Eleven Vietnam veterans with war-related posttraumatic stress disorder (PTSD) were randomly assigned to 10 sessions of either virtual reality exposure (VRE) therapy within a computer-generated virtual Vietnam environment or present-centered therapy (PCT) that avoided traumatic content and utilized a problem-solving approach. Participants were assessed at pretreatment, posttreatment, and 6 months posttreatment by an independent assessor blind to treatment condition. Nine participants completed treatment with one dropout per condition. No significant differences emerged between treatments, likely due to insufficient power. Although comparison of mean changes in PTSD symptoms for the VRE and PCT conditions yielded a moderate effect size (d = 0.56) in favor of VRE at 6 months posttreatment, changes in PTSD scores were more variable, and therefore less reliable, within the VRE condition. The utility of VRE with older veterans with PTSD is discussed.

Introduction

United States veterans of Vietnam with posttraumatic stress disorder (PTSD) have been found to be less responsive to interventions than other traumatized populations.¹ Most published studies to date have found no lasting change or have found changes that may not be clinically significant with this patient population.² There is even evidence that some types of PTSD treatment may exacerbate the symptoms of these veterans,³ and when there is change, there can also be regression to pretreatment symptom levels on follow-up assessments.⁴ The authors have found only four published studies with multiple U.S. Vietnam veterans that report statistically and clinically significant reductions in PTSD symptoms 6 months or more after treatment for the majority of patients treated.
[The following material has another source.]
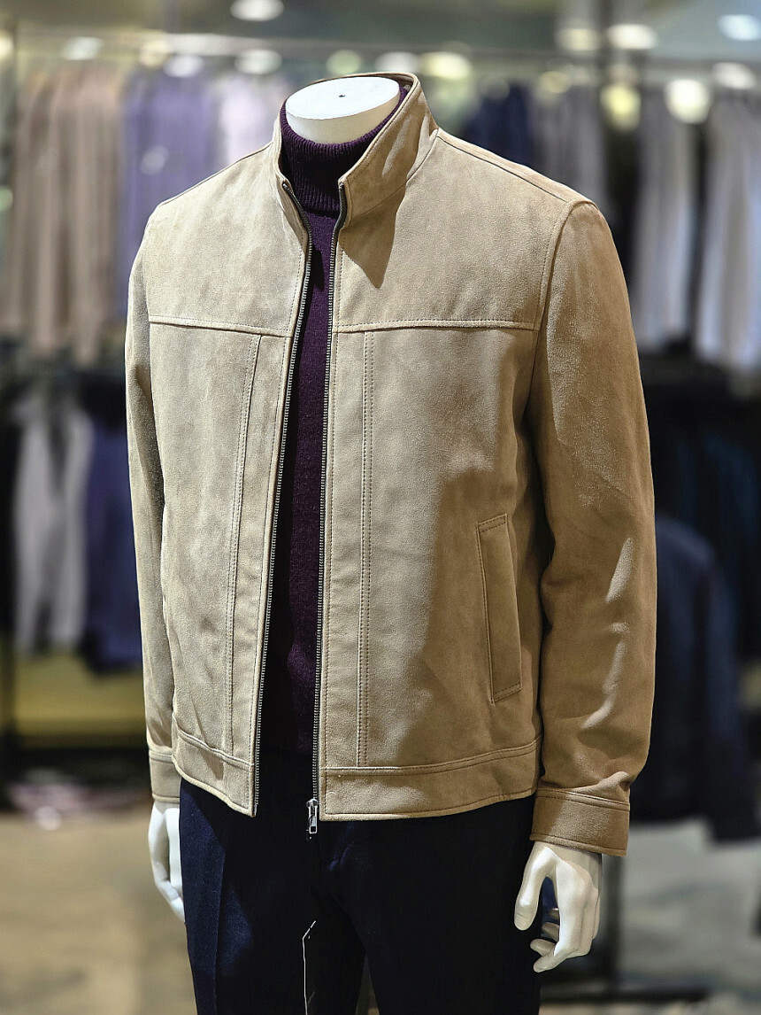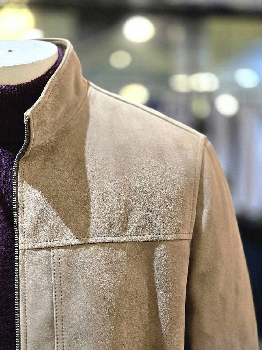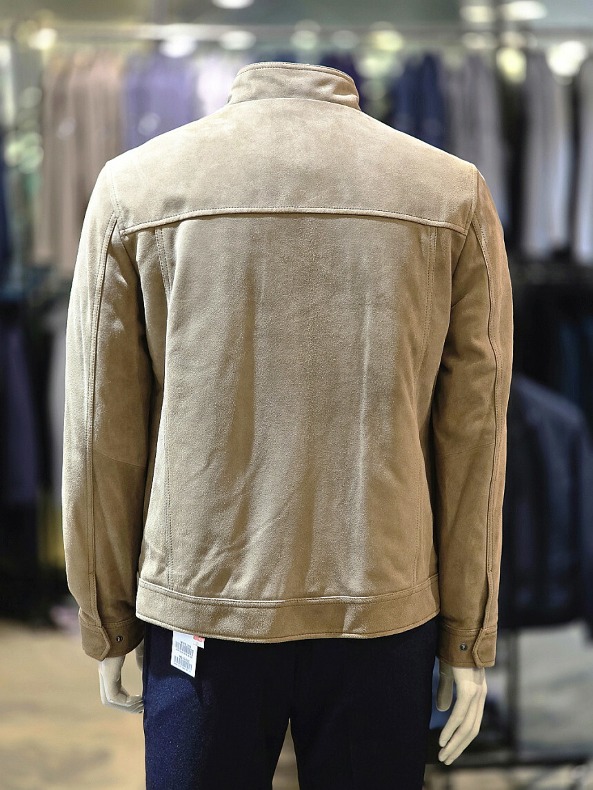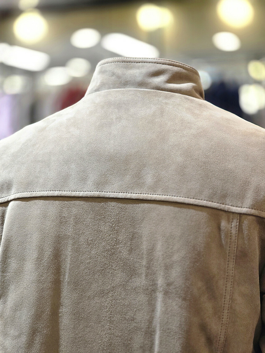 천연 염소가죽(스웨이드)으로 제작된 고급스러운 스탠카라 재킷입니다.

One of these studies involved the use of virtual reality (VR) technology to provide individual exposure therapy;⁵ two used imaginal exposure within group therapy,^6–7 and one involved individually administered imaginal exposure.⁸ The common element of these studies is a strong exposure therapy component. Exposure therapy requires the patient to repeatedly confront the memory of traumatic events by describing these events in a supportive environment. Emotional processing theory⁹ suggests that patients suffer from PTSD because they have developed a complex fear structure regarding traumatic events and that this fear structure must be repeatedly activated in an environment containing corrective information that leads to habituation and extinction of fear responses. Although there have been surprisingly few studies of its use with U.S. Vietnam veterans, exposure therapy is one of the most extensively studied treatments for PTSD. The U.S. Department of Veterans Affairs recently sponsored a review by Institute of Medicine (IOM) at the National Academies of Science of pharmaceutical and psychotherapy treatments for PTSD across all patient populations.¹⁰ The IOM concluded that exposure therapies were the only PTSD treatments showing sufficient evidence to conclude effectiveness.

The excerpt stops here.